Artemisia rigida (Nutt.) A. Gray
Family: Asteraceae
Scabland Sagebrush
[Artemisia trifida var. rigida Nutt.,  more...]
Images
not available

Shrubs, 20-40 cm (branches widely spreading), mildly aromatic; root-sprouting (caudices stout). Stems gray (coarse, brittle), hairy (bark gray, exfoliating). Leaves deciduous, silver-gray (rigid); blades broadly spatulate, 1.5-4 × 0.5-0.7 cm (bases narrow), 3-lobed (lobes 1/2+ blade lengths, ca. 1 mm wide), faces densely hairy. Heads borne singly or (in glomerules) in (densely leafy) spiciform or paniculiform arrays 2-20 × 2 cm.

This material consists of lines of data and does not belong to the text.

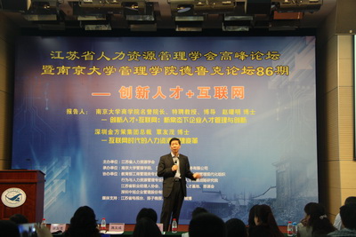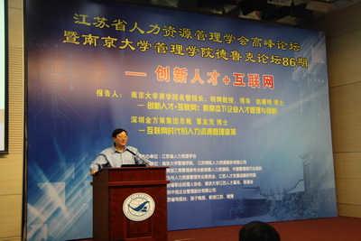 为进一步探讨推进创新人才与互联网研究,促进江苏企业人才管理与人力资源管理水平,为企业加快转型升级、推动创新发展提供强有力的支撑,2015年7月9日上午,江苏省人力资源学会组织召开了“江苏省人力资源学会高端论坛暨滚球买球的app官网管理学院第86期德鲁克论坛, 这次论坛由滚球买球的app官网管理学院、 江苏领航人力资源服务有限公司承办,由教育部工商管理类专业教指委人力资源组、中国管理现代化组织行为与人力资源管理专业委员会、江苏人才发展战略研究院、江苏省职业经理人协会、滚球买球的app官网江苏人才基地、思谋会、深圳中旭企业管理股份有限公司等单位协办, 媒体支持单位有江苏省电视台、扬子晚报、新浪江苏、微博等。
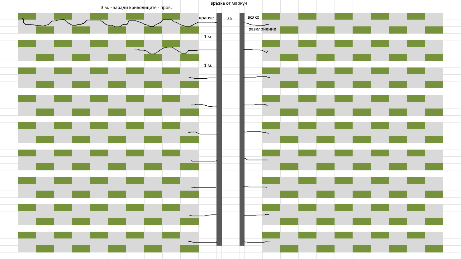 В картинката по-долу е схемата, зелените квадратчета са растенията, сивите участъци са един ред. Ще се захранва от чешмата директно на първо време, като до входната точка възнамерявам да се стига от обикновен маркуч, ако е възможно. Няма да се полива автоматично на първо време, а само когато съм там. Всяко разклонение на редовете ще има отделно спирателно кранче. Питам се дали е възможно централната тръба (маркуч) да е една, вместо 2, т.е., ще може ли да се поливат едновременно напр. 15 реда по 3 метра директно от чешмата. Налягането във водопровода не е от най-силните, но не е и мн. слабо. Ако не става от чешмата може да минава първо през бидон и да сложа помпа, но засега не намирам място за кубитейнери. Ще слагам капковото, защото сега ми отива половината уикенд в поливане.
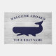 Nautical Navy Blue White Welcome Aboard Boat Name Doormat. Personalise this New England nautical beach house-themed doormat with your boat name. Set features a popular whitewashed distressed weathered wood look with a whale. Custom orders available at truullc@gmail.com
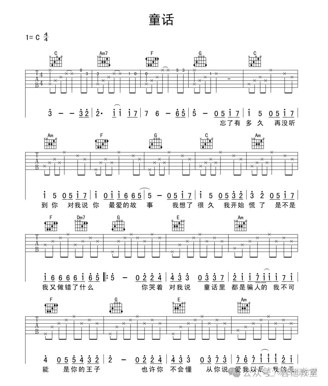 光良《童话》吉他谱
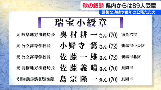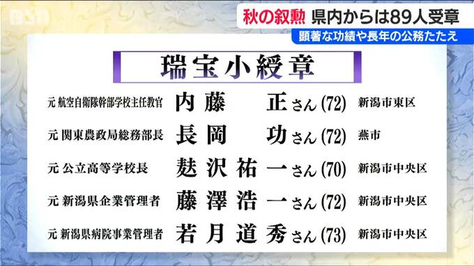 このうち、瑞宝中綬章は4人で、新潟大学名誉教授の五十嵐由利子さん、染矢源治さん、元・国立病院機構西新潟中央病院長の亀山茂樹さん、長岡技術科学大学名誉教授の矢鍋重夫さんが受賞します。
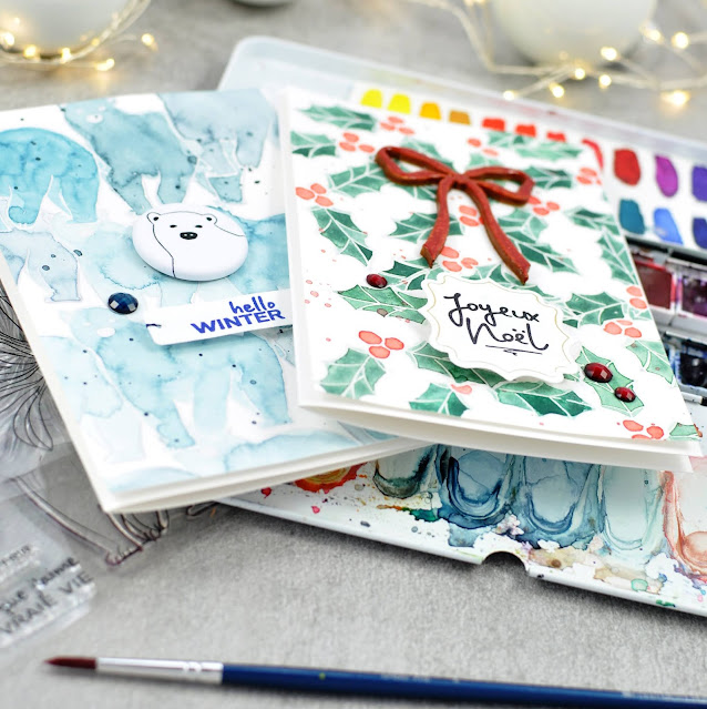 Für den Hintergrund habe ich die Stempel von Béatrice mit klarem Embossing Pulver embossed und eine Maskiertechnik verwendet damit ich die Stempelabdrücke übereinander stempeln konnte. Dann tief in meinen Aquarellkasten gegriffen und ein bißchen ausgemalt. So ist auch die Eisbären Karte entstanden. Obwohl mein Liebling tatsächlich die rot grüne ist. 🙂
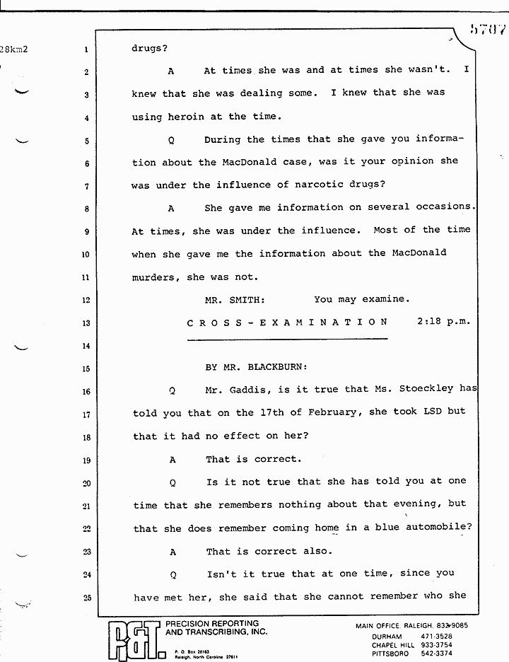 Q Mr. Gaddis, is it true that Ms. Stoeckley has told you that on the 17th of February, she took LSD but that it had no effect on her?
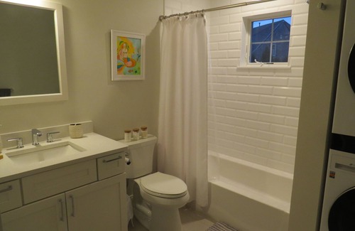 there are two bedrooms; the master bedroom with queen bed, ensuite bathroom, and walk-in closet, and the guest bedroom with two twin beds pushed together to use as a king bed There is also a spacious second bathroom with shower and laundry closet with stackable washer and dryer.
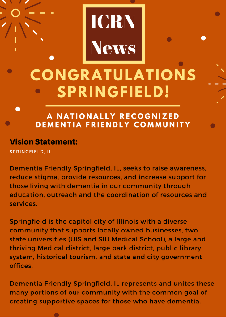 The ICRN Welcomes its 16th Nationally Recognized Dementia Friendly Community: Springfield, IL

Involucres narrowly campanulate, 4-5 × 2.5-3.5 mm. Phyllaries elliptic (acute to obtuse), densely canescent. Florets 4-8; corollas yellowish red to red, 2-2.8 mm (style branches oblong, truncate, exsert). Cypselae (4-5-ribbed) 1-1.5 mm, glabrous. 2n = 18, 36.

Flowering mid summer-early fall. Dry rocky scablands, volcanic plains; 1500-1800 m; Idaho, Mont., Oreg., Wash.

Artemisia rigida is an important successional species following fires because the plants form new shoots from the underground caudices. This characteristic aligns the species with other `sprouters´ in the subgenus, namely A. cana, A. tripartita, and A. arbuscula.